Aforementioned secondary findings may be harder to interpret in patients with acute and chronic pancreatitis. Some of the cases in our study had no clinical symptoms of acute pancreatitis, while they did have radiological features of inflammation, emphasizing the importance of confirming imaging findings with the clinical presentation. A previous study demonstrated that an interrupted and dilated PD in the acute setting of pancreatitis was associated with a near-future diagnosis (24 months) of PDAC [27]. Therefore, these features could potentially aid in distinguishing between PDAC-induced pancreatitis and “regular” acute pancreatitis. On the other hand, in the setting of chronic pancreatitis, radiological features like duct dilation and interruption may be less specific for PDAC as investigated in a small case–control study of patients with PDAC and chronic pancreatitis [18]. In their study, PDAC was also suspected in 83% of the patients with chronic pancreatitis, predominantly based on the presence of ductal dilation and interruption.

For research to lead to quality improvement, not only the identification of a problem and its prevalence are important, but also the investigation into the cause of the problem.

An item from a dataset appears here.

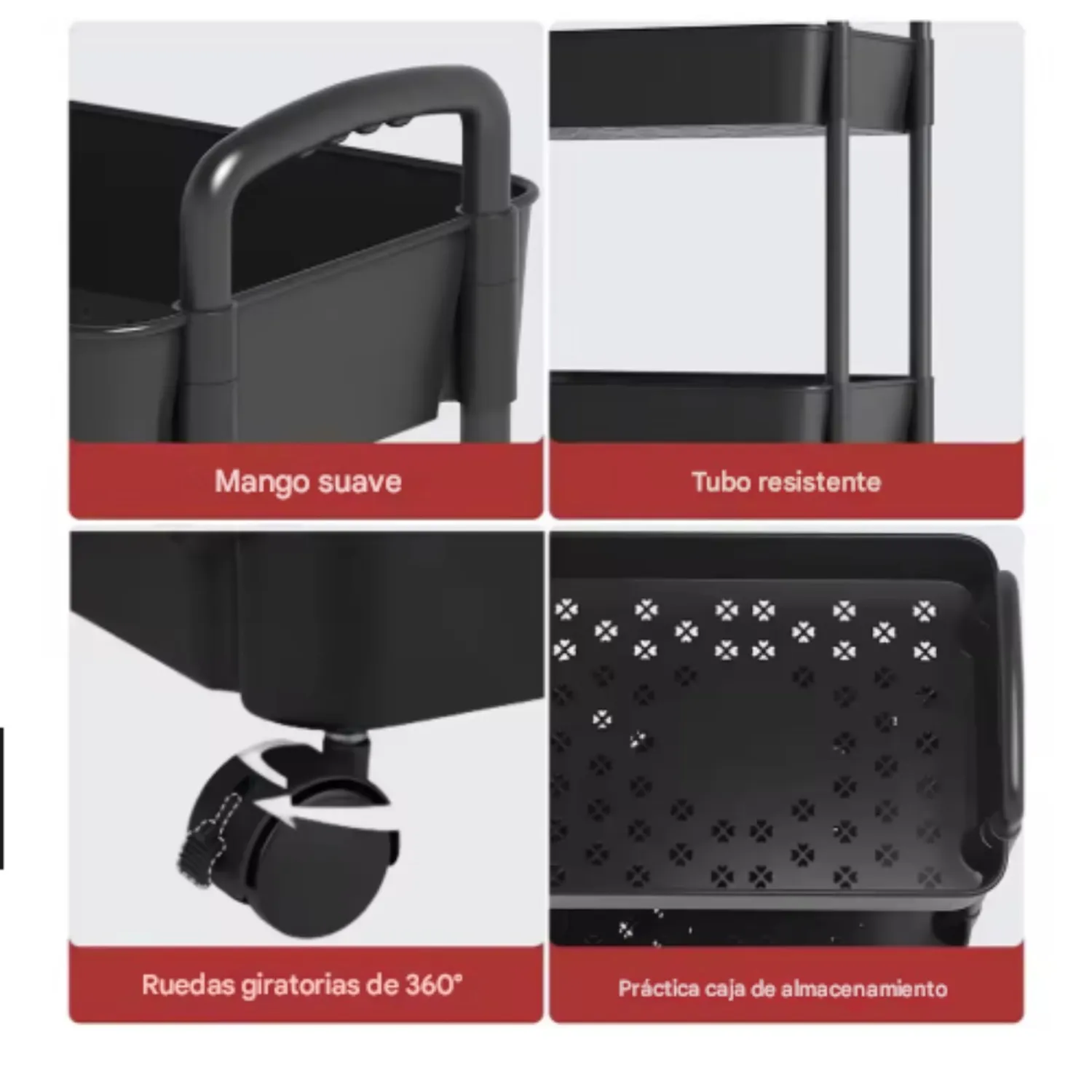 CARRO AUXILIAR ORGANIZADOR COCINA 4NIVELES 5508-4 NEGRO H55084

Discrepancies in interpretation (RADPEER 2 and 3) were more likely to occur in imaging obtained external to our center, particularly in MRI. This finding is in accordance with a meta-analysis on discrepancy rates for body MRI when re-read by a subspecialist [28]. Therefore, re-reading of imaging exams should always be structured and formal, avoiding fixation on externally reported conclusions. Regarding the possible radiological errors that may have hampered accurate detection at the time of imaging, underreading was the most commonly identified error in our study (47% of errors in MRI, 57% in CT), in accordance with previous results [29]. Considering the majority of errors are perceptual, an automatic “red-flag system” using artificial intelligence may improve the incidental detection of early-stage tumors in future practice. Simultaneous imaging interpretation by such a system and the radiologist may point out areas of interest for further investigation, and therefore improve both the accuracy and efficiency of cross-sectional imaging [30].

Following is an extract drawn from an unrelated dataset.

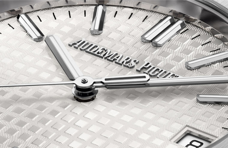 2022年新登场的37mm皇家橡树自动表(型号为15550、15551)于外部与内部都有最新的进展,首先在表带方面,AP为了提升佩戴舒适度而微调了链带设计,改良后的链带前几个链节从平行四边形改为梯形,呈现出表带宽度逐步递减的效果,且链带的所有链节都做得比以往更纤薄,尤其前四枚链节的厚度还呈递减状态,让表带更加轻盈,也更吻合手腕弧度。再来今年新生的皇家橡树系列也拥有更趋统一的视觉造型——其时标与指针视表壳大小都採用统一比例的大小。同时像是品牌Logo也拥有新作法,12点钟位置的24K金立体AP Logo採用类似3D列印的手法制成,取代过去的立体AP Logo及印刷爱彼Logo,AP Logo于是可以利用手工镶贴于面盘,以肉眼几乎不可见的微小镶爪固定。

Although we conducted a comprehensive, matched, case–control study on pre-diagnostic radiological findings of both CT and MRI and presented novel findings, our study may be limited by some factors. To start, our case group had a limited sample size and comprises a heterogeneous group with either CT or MRI with various imaging protocols. Approximately 35% of the reassessed CTs in this study were obtained without contrast, which may have restricted the radiologists’ ability to assess the presence of lesions and secondary signs. This represents a real world scenario, in which unfortunately not all opportunities to detect pre-diagnostic pancreatic cancer will be according to ideal imaging protocols. When pancreas pathology is suspected, the next immediate step after substandard imaging would be to follow-up with the optimal CT and MRI protocols for assessing the pancreas according to society recommendations. Other limitations include the possibility of selection bias as only 12% of PDAC patients had a pre-diagnostic imaging exam available. We acknowledge that the broad utilization of cross-sectional imaging only applies to select countries where these resources are readily available and that early detection on abdominal imaging is not as feasible in areas stressed for resources. Although we have attempted to identify and categorize the radiological errors that may have led to missing or misinterpreting (features of) PDAC, we acknowledge that this is subjectively determined in retrospect.

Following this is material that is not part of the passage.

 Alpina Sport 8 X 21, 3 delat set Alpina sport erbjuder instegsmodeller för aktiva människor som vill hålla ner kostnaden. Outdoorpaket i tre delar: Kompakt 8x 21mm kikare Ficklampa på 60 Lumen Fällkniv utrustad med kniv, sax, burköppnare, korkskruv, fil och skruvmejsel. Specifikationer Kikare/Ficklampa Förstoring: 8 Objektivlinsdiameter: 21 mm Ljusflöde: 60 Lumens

To conclude, our findings indicate that PDAC-related features on abdominal imaging can be present long before PDAC is diagnosed. These features are rarely present in individuals who are not diagnosed with PDAC, and therefore dedicated pancreas imaging is warranted if these features are found. Future research should focus on an automated second review that can detect otherwise missed lesions or secondary signs, aided by artificial intelligence. In addition, prospective studies should point out if early detection of PDAC would indeed lead to improved survival.